3.
Ранним утром на Якиманской набережной собралась толпа. Она все увеличивалась. Проезжавшие мимо автомобили тормозили и приветственно гудели. Машины останавливались, водители выходили из-за руля и с широкими радостными улыбками шли поближе к месту события. Другие спрашивали весело в опущенные стекла:
— Ну что, упал царь? Свалился император? В воду?
— Упал, упал наконец! — с радостной ненавистью отвечали из толпы.
— В Москве дышать сразу стало легче, вы что, разве не чувствуете!?
Они преувеличивали: в Москве, как и все последние дни, дышать было тяжело. Пахло раскаленным асфальтом, сухой пылью, жестким солнцем и гарью. Запах гари накатывал волнами, прилипал к ноздрям, вызывал тошноту. Уже появились люди в марлевых повязках. Это под Шатурой горели торфянники.

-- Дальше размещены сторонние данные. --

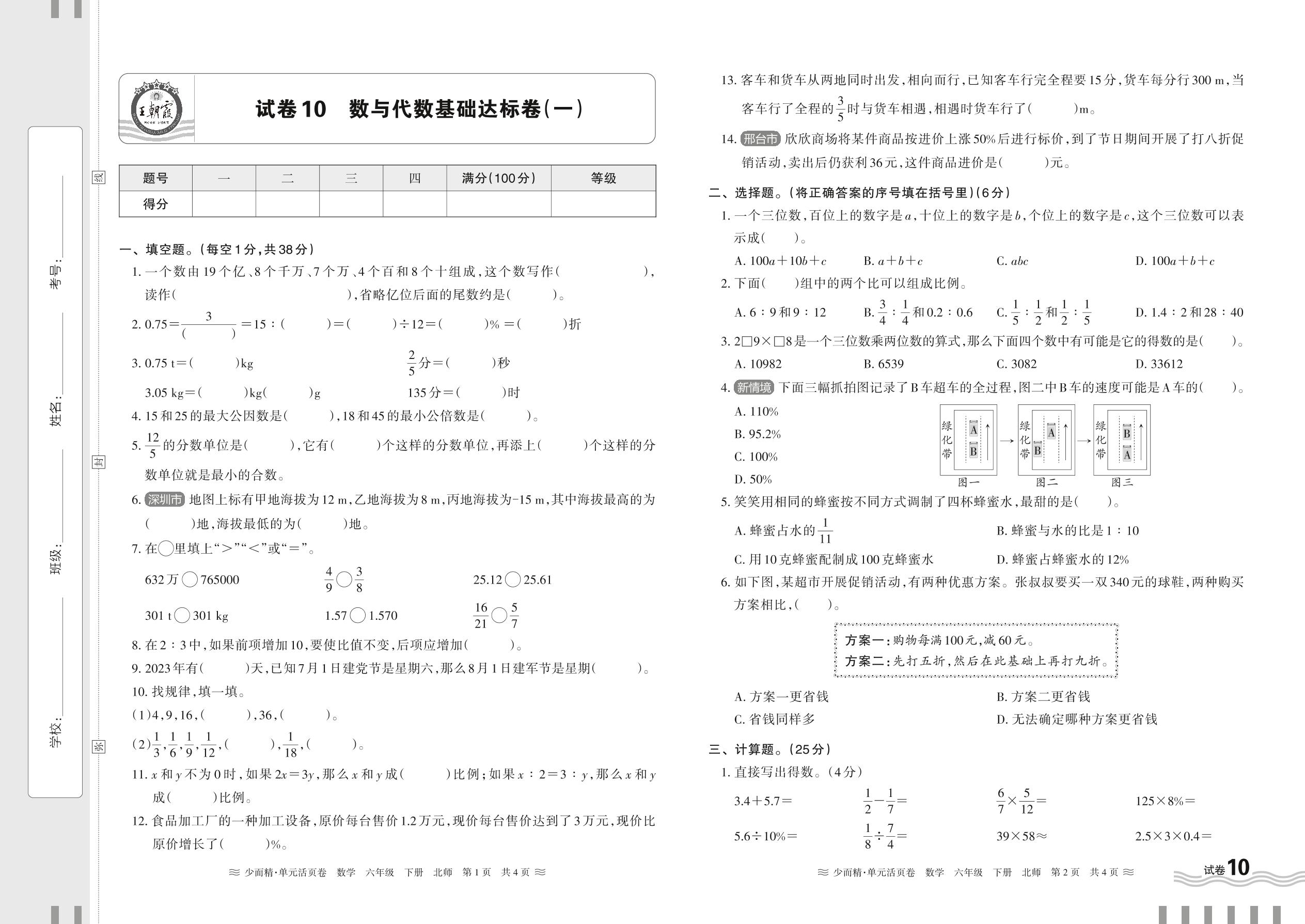 2024春下册六年级数学北师版 数与代数基础达标卷(一)【10】
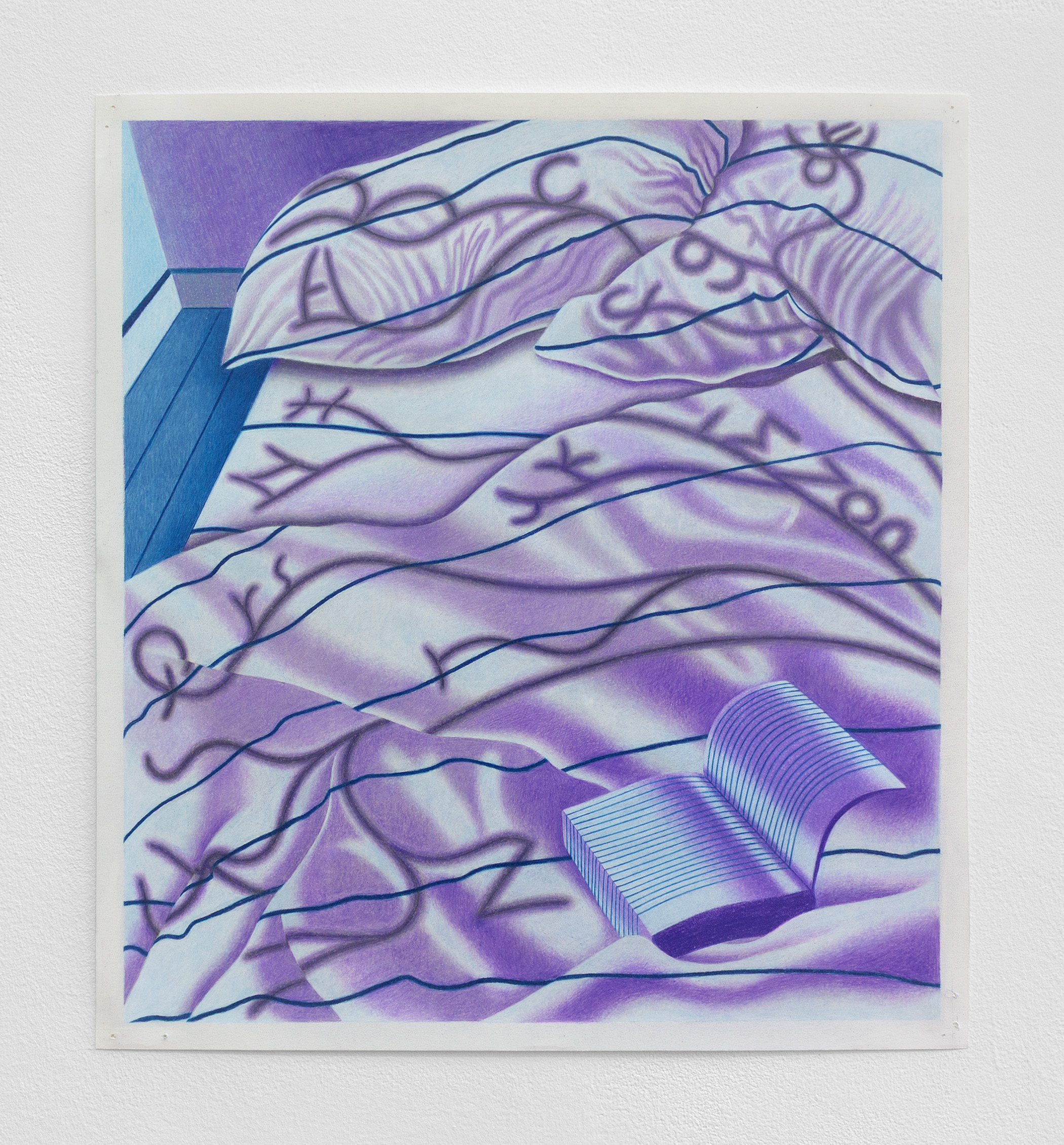 Leigh Ruple, Notebook, 2026, colored pencil on paper, 17 1/2 x 16 in (44.45 x 40.6 cm)

Вдоль всего парапета, от Крымского моста и до Каменного, стояли сотни людей и смотрели в воду. Новые, прибывающие со всех сторон, не могли понять, на что они смотрят и в недоумении крутили головами.
— Да где же он? Где он? Я не вижу, мама, ну где же он? — ныла девочка с двумя огромными белыми бантами, сидевшая на руках у мамы.
— Да вон же он! Да не туда ты смотришь, смотри вон туда!
Девочка повернула голову и увидела. Ее ножки в белых носочках и крошечных лакированных туфельках радостно задрыгали.
— Вижу, мама, вижу!
Взгляд новоприбывшего зеваки находил наконец на серой глади реки, напротив бассейна 'Чайка', черный кругляш, немного поднимавшийся над водой. Но что это было? Некоторые говорили, что это голова императора, другие с хохотом утверждали, что это его зад. На самом деле это был носок ботфорта. Нога вместе с частью туловища, отделившись от тела, косо воткнулась в густой слой придонной жижи и торчала теперь на тридцать сантиметров над водой. Иногда на нее садилась речная чайка и стояла посередине реки на своих тонких ножках.
Вдруг со стороны Каменного моста, нарушая правила движения, с синим пламенем мигалок примчалось две черные иномарки. Тормоза взвизгнули, дверцы открылись, и из них выпрыгнули на набережную шесть молодых людей в серых, цвета стали, костюмах. На лицах у них была написана такая наглая и бесконечная уверенность в своем праве на все, что люди как-то сами собой расступались перед ними, пропуская их к тому месту, где еще вчера вечером стоял чугунный гигант работы модного скульптура, замучившего Москву своими творениями. Очутившись на месте, шестеро новоприбывших — авангард армии из чиновников, экспертов и спецагентов, которая уже выдвигалась к месту происшествия — тут же образовали нечто вроде цепи и начали оттеснятьтолпу. Люди не хотели уходить и кричали им в лицо:
— Вы кто вообще тут? Вы чего пихаетесь вообще тут?
Пятеро молча, не снисходя до объяснений, продолжали теснить толпу, а шестой отвечал вежливым тихим голосом:
— Мы Федеральная служба безопасности. Это наша зона ответственности. Просим всех отойти от места происшествия. Просим всех отойти от места происшествия.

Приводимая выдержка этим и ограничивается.